There's a woman in Mensa that I find very difficult to take. She's actually an innocent soul, not a bad person, but she's a drama queen. Fakes an asthma attack at the sight of an electronic cigarette, or real cigarettes across the street and downwind. (Fake because it stops when she wants to say something, then starts up again.) Believes that no one should have children, and wanted to deny financial assistance to another member because he had children. When another woman and I were in menopause and having hot flashes, she decided she was in menopause, too, even though it was about 15 or more years too soon for her. She just didn't like sharing the spotlight (or heat lamp, as it were).

She sets up one of the group annual scholarship fund money makers - gift wrapping at Barnes & Nobel, sometime in early December. There have to be two people at the table at all times. I had volunteered for the full day for many years, most other people would put in a 4-hour shift, and then one day I decided I wasn't going to do it any more.

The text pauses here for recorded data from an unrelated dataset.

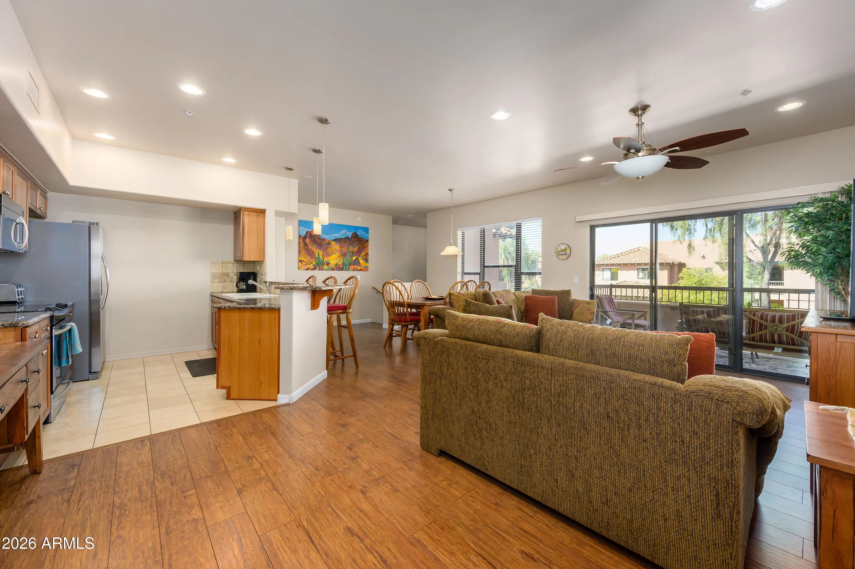 Welcome to resort-style living in the highly sought-after La Verne community! This spacious 2-bedroom, 2-bath condo features an open-concept floor plan designed for comfortable living and effortless entertaining. Kitchen is complete with granite countertops, a convenient breakfast bar, and ample cabinet space. Enjoy the added convenience of a 2-car garage with direct access to the home--perfect for everyday ease and security. Both A/C's replaced 4/14/2022 and refrigerator 3/2023! Residents of La Verne enjoy an array of premium amenities, including two sparkling pools/spa, a beautifully appointed clubhouse, Billiard room, media room, a full kitchen and dining space ideal for hosting gatherings. On-site management adds an extra level of convenience and peace of mind. (See more) Ideally located within La Verne and just minutes from Desert Ridge and City North you will enjoy endless options for dining, shopping, and entertainment right at your fingertips. With quick access to the Loop 101 and 51 freeways, commuting around the Valley is a breeze. Don't miss this opportunity to enjoy comfort, convenience, and community all in one!
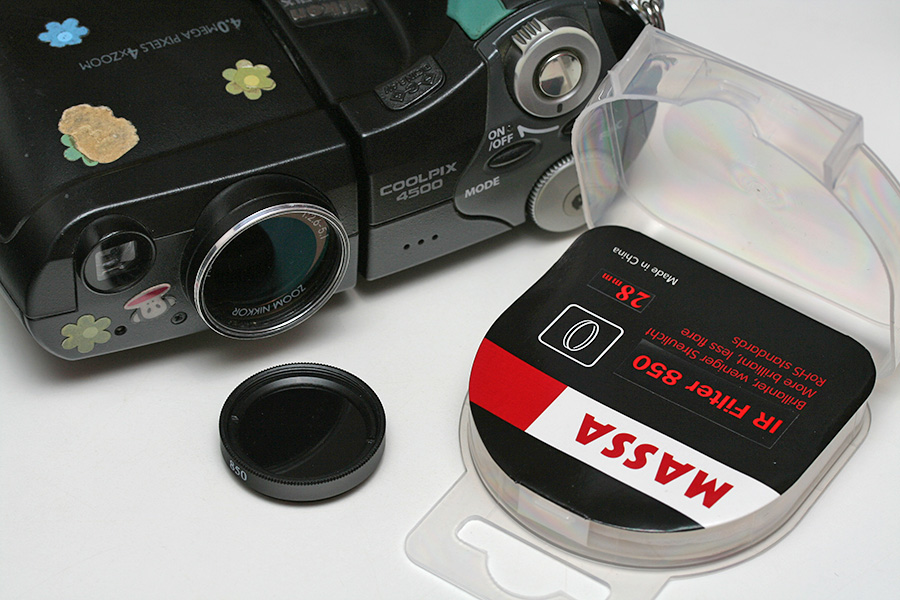 the 28mm filter could fit perfectly on the 28mm thread of my old nikon coolpix 4500. then any additional attachment lens i add would all be able to shoot in infrared. why i never thought of this solution earlier was probably because i didn't think 28mm infrared filter existed (28mm is an unusual size) - until a simple search on ebay proved otherwise.
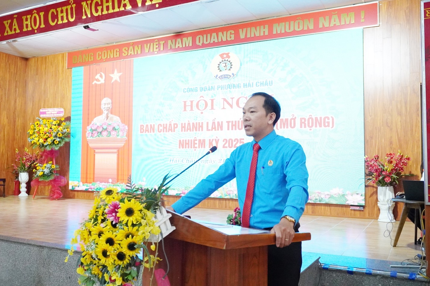 Tiếp thu ý kiến chỉ đạo tại hội nghị, ông Nguyễn Đình Trung - Chủ tịch Công đoàn phường Hải Châu gửi lời cảm ơn đến Liên đoàn Lao động thành phố và cấp ủy, chính quyền địa phương đã tin tưởng giao nhiệm vụ.
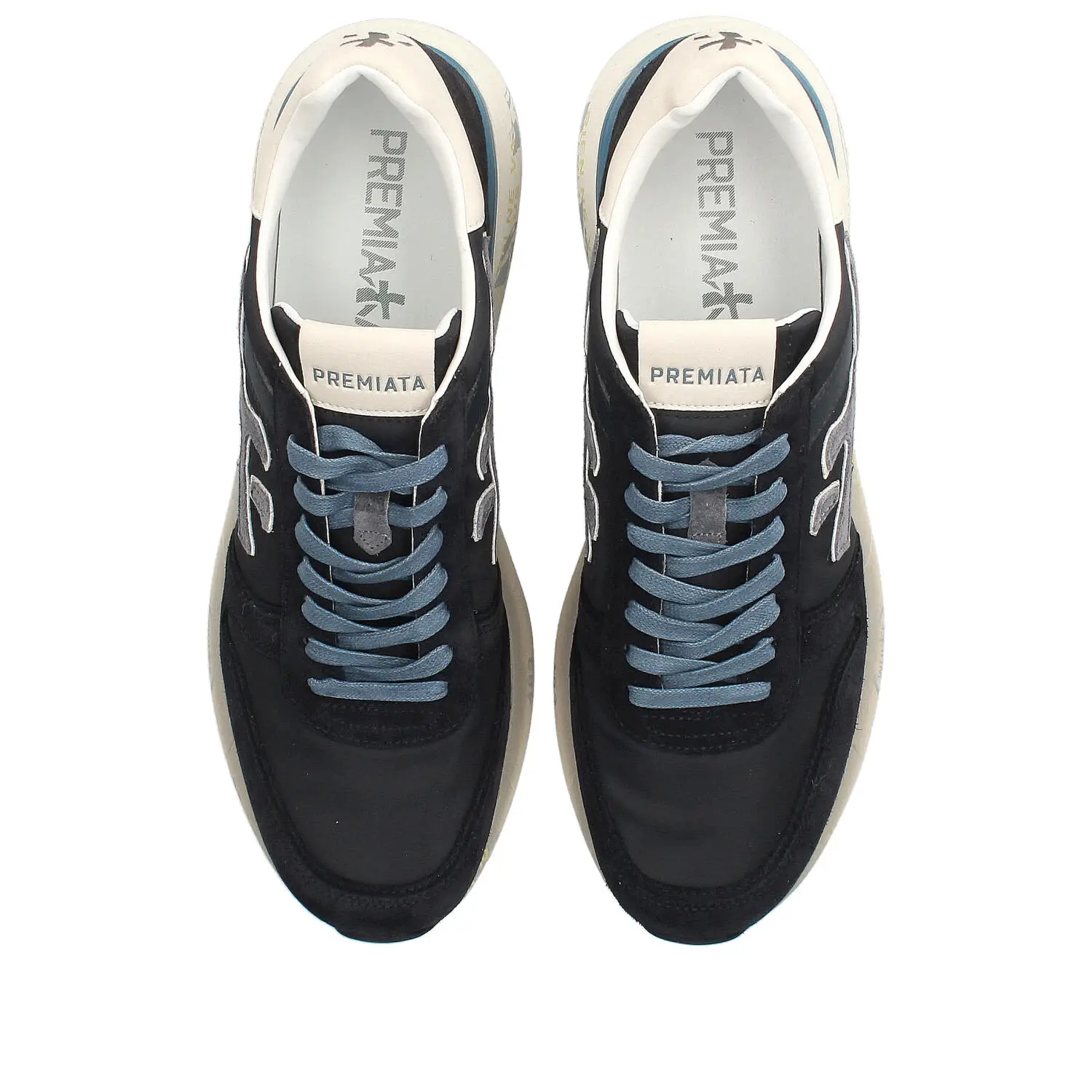 De Mick sneakers van het Italiaanse merk Premiata zijn gemaakt van een mix van hoogwaardige materialen en leer. De sneakers zijn uitgevoerd in de kleur zwart voor een casual stijl. Het iconische silhouet is verrijkt met het bekende Premiata-logo.
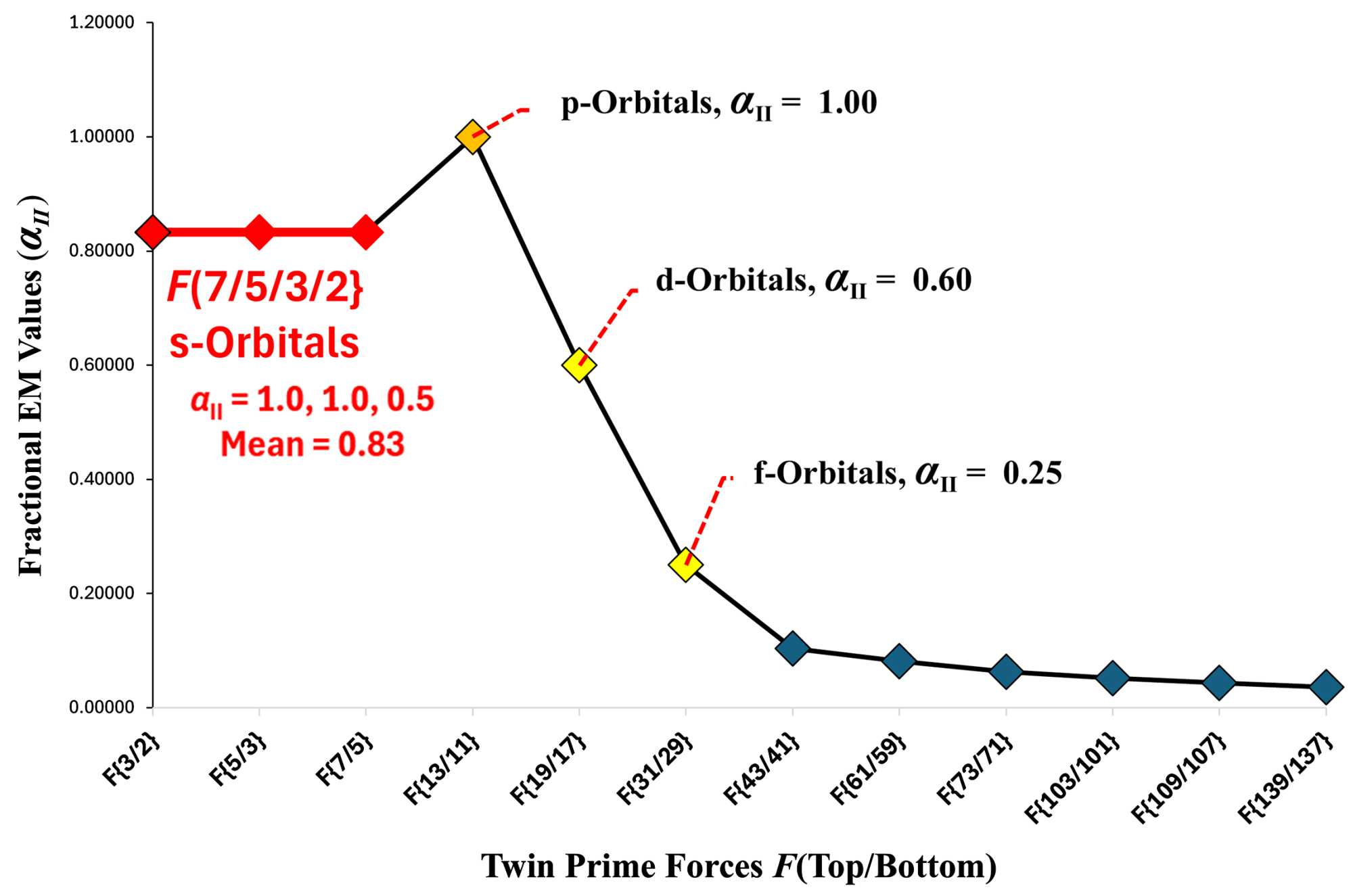 Figure 1 illustrates a plot of fractional (αII) EM forces distributed over the full range of twin prime pairs in this study.

My reasons were many, but I never really expressed any because I'd get the reaction, "Well, then, why don't you just do it yourself?"

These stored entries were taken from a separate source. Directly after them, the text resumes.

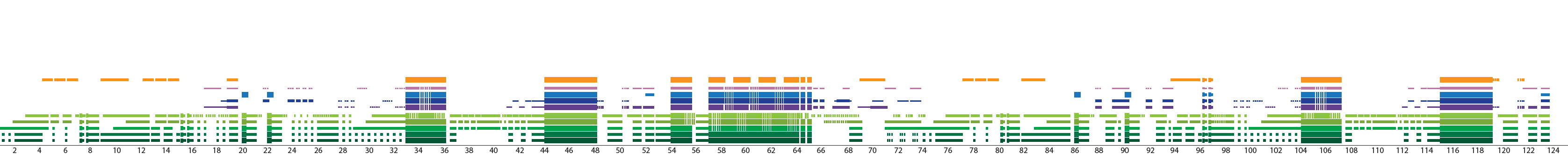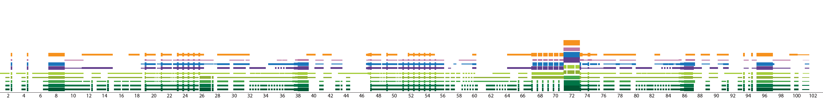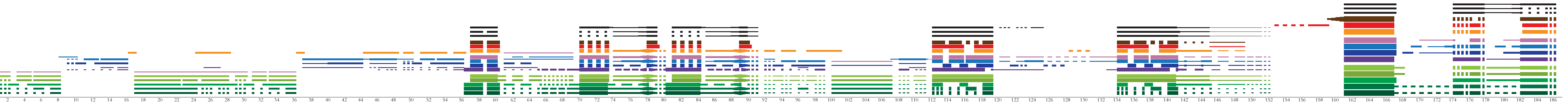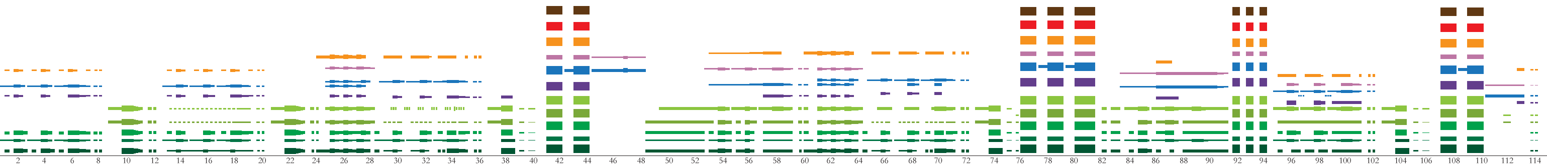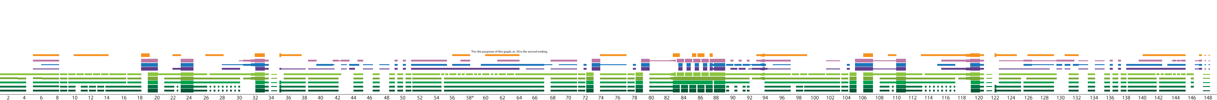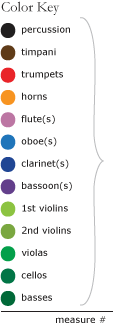 Colors are used to represent the instruments of the orchestra: strings are different shades of green, while the winds are a variety of colors. Line thickness reflects dynamics: the louder the volume, the thicker the line. The color scheme is a nod to one aspect of eighteenth-century associations of instruments and colors, namely the notion that strings were more uniform and while wind instruments were more variegated. The specific colors chosen loosely reflect some instrument-color associations (such as scarlet trumpets), but were determined first and foremost by design and legibility.
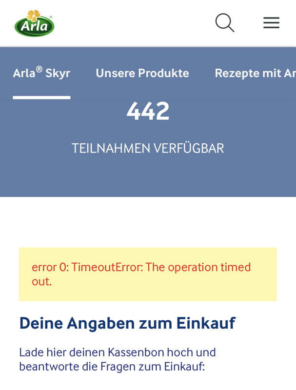 3 Fehlermeldung beachten: Wenn der Fehler weiterhin besteht, versuche es später erneut oder kontaktiere den Support von Arla direkt, um das Problem zu melden.
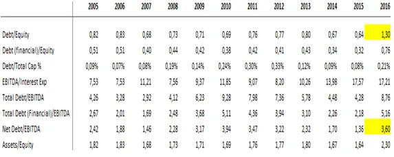 Como se puede observar en la imagen superior durante los últimos 12 años (destacar que este periodo de tiempo incluye un ciclo económico completo con una gran crisis económica como fue la de 2008) la compañía ha mantenido un control riguroso de su deuda no superando en ningún momento, con la excepción de este último año (después veremos el motivo), la deuda el patrimonio neto de la compañía. Además podemos ver como la deuda neta siempre está controlada en torno a dos veces EBITDA salvo en 2 ocasiones 2010 y 2016 donde llega a estar en 3,94x y 3,60x lo que para un sector tan intensivo en capital no está nada mal. Cabe señalar que es su plan de negocio tienen el objetivo de reducirla a 1,4x deuda neta/EBITDA en 2019.
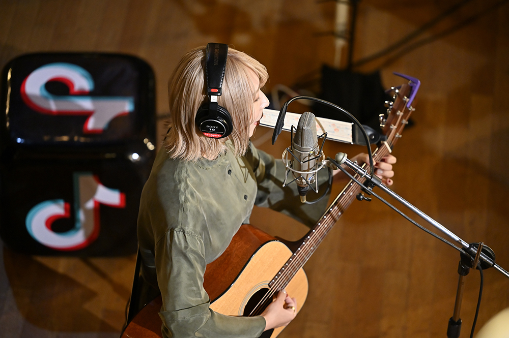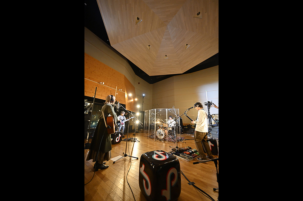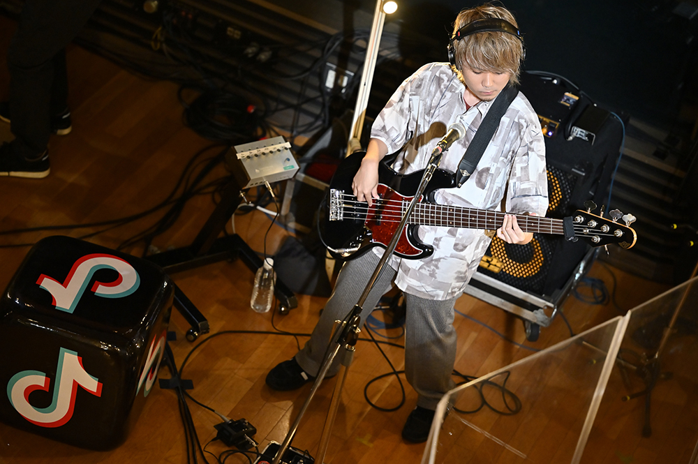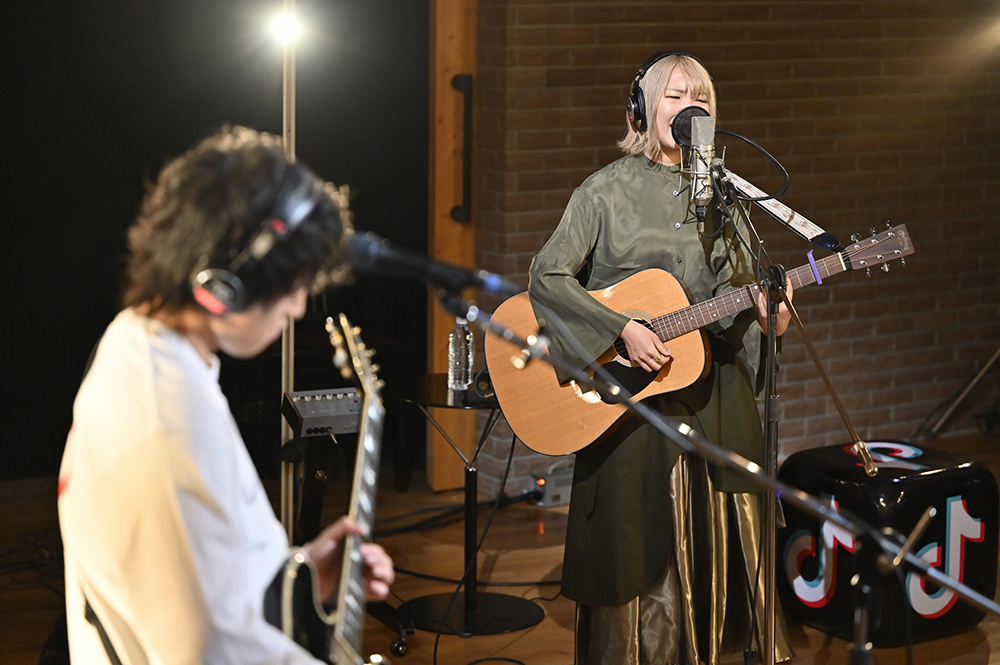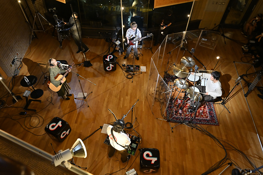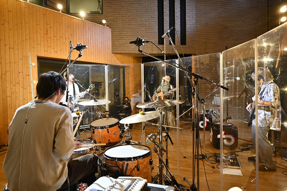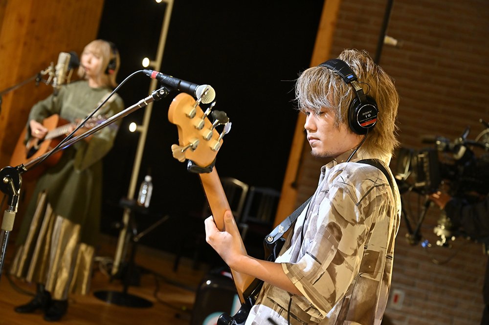 画面が切り替わると、温かみのあるライトに照らされたあたらよが映し出される。すると、まーしー(Gt.)の軽快なギターリフから「晴るる」がスタートした。今回のステージは4人が円を描くように向かい合うスタイル。また、至近距離を捉える見事なカメラワークによって、臨場感をたっぷりと堪能することができた。最初のMCでは、ひとみ(Vo./Gt.)が挨拶すると「緊張しております」と笑顔を見せる。2曲目は「最後くらいこっち見てよ」という呟きから始まった、あたらよの代表曲とも言える「10月無口な君を忘れる」。たけお(Ba.)とたなぱい(Dr.)が生み出す安定感のあるリズムに、ひとみの歌声とまーしーのコーラスが美しく乗っていき、エモーショナルな空間が築き上がっていく。リアルタイムで視聴者からは「最高」「好き」「鳥肌立つ」といった歓喜と興奮に満ちた声が多く寄せられていた。また演奏後に「この楽曲を通して私たちを知ってくれて嬉しく思います」とひとみが胸中を語る場面も見せた。

One complaint is that we wrap purchases for free (materials, table, etc. provided by B&N) but there's a donation box, so people know they are expected to donate a dollar or so. Now, people who will pay to have a gift wrapped with store wrapping are usually getting a last-minute gift. So scheduling the gift wrapping three weeks before the holiday doesn't work as well as doing it three days before. This woman also schedules the same wrapping gig for Sierra Club, and I noticed that Sierra Club always gets better dates.

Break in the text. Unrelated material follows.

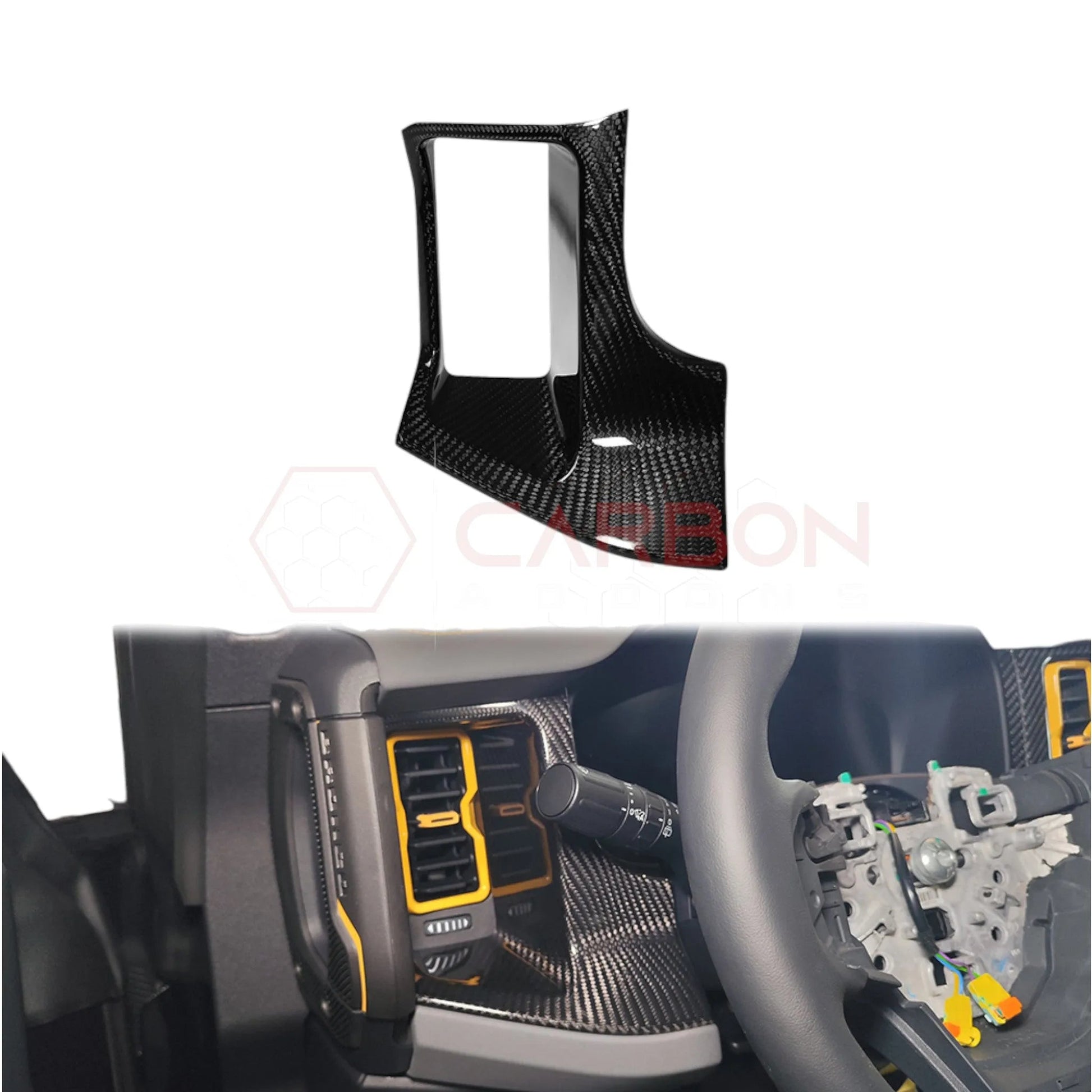 Upgrade your Bronco’s interior effortlessly with our premium real carbon fiber stick-on trim, designed specifically for models from 2021 to 2024. This stylish modification is crafted to install directly over your existing interior trim, transforming your cabin without the need for professional help.

Second, she always comes for a four to six hour shift herself, but she's NEVER on time. She is consistently one or two hours late, and I have occasionally had to cover that time alone, skipping lunch. Usually the previous person stays over, and once they see how she wraps, they stay the full time.

Third, she is the sloppiest wrapper I have ever seen. We're wrapping books and boxes, for Pete's sake! There's no excuse for not having sharp neat corners. But she just pokes and bunches and scrunches the paper at the ends, she tears the paper unevenly, the "wrong side" of the paper sticks out from the scrunch at the ends, she covers the gifts in so much tape it's like she plans to mail them --- they are messy! I've seen six-year-old children do a better job. I am embarrassed for Mensa that we're handing that mess to a customer. I and others at the table, many of us, have offered to show her how to measure and cut to fit, how to center the seam, how to trim the ends and crease folds, how to use at most three tiny strips of tape, but she simply says "Oh, I can't do that" and flatly refuses to learn.

She sees nothing wrong.

We've tried edging her out, getting the packages before she can destroy them. But she's enthusiastic and leaps, elbows flying. She wraps very quickly, and grabs the next. She never notices the dismayed look on the face of the customer when she hands them their gift. You know that the customer rewraps the book after they get it home.

That embarrassment and her refusal to learn was the reason I quit. I no longer wanted to have anything to do with it. I was tired of cringing. Of not being able to look customers in the eye. Others who have refused to go back have said the same thing.

So, a few days ago she sent out a call for volunteers for this year's wrapping. In the email, she says, "And believe me, you don't need to be an expert at wrapping; heaven knows I'm not."

You have no idea how much that pisses me off. She complains that she can't get volunteers, and I want so very very badly to tell her why!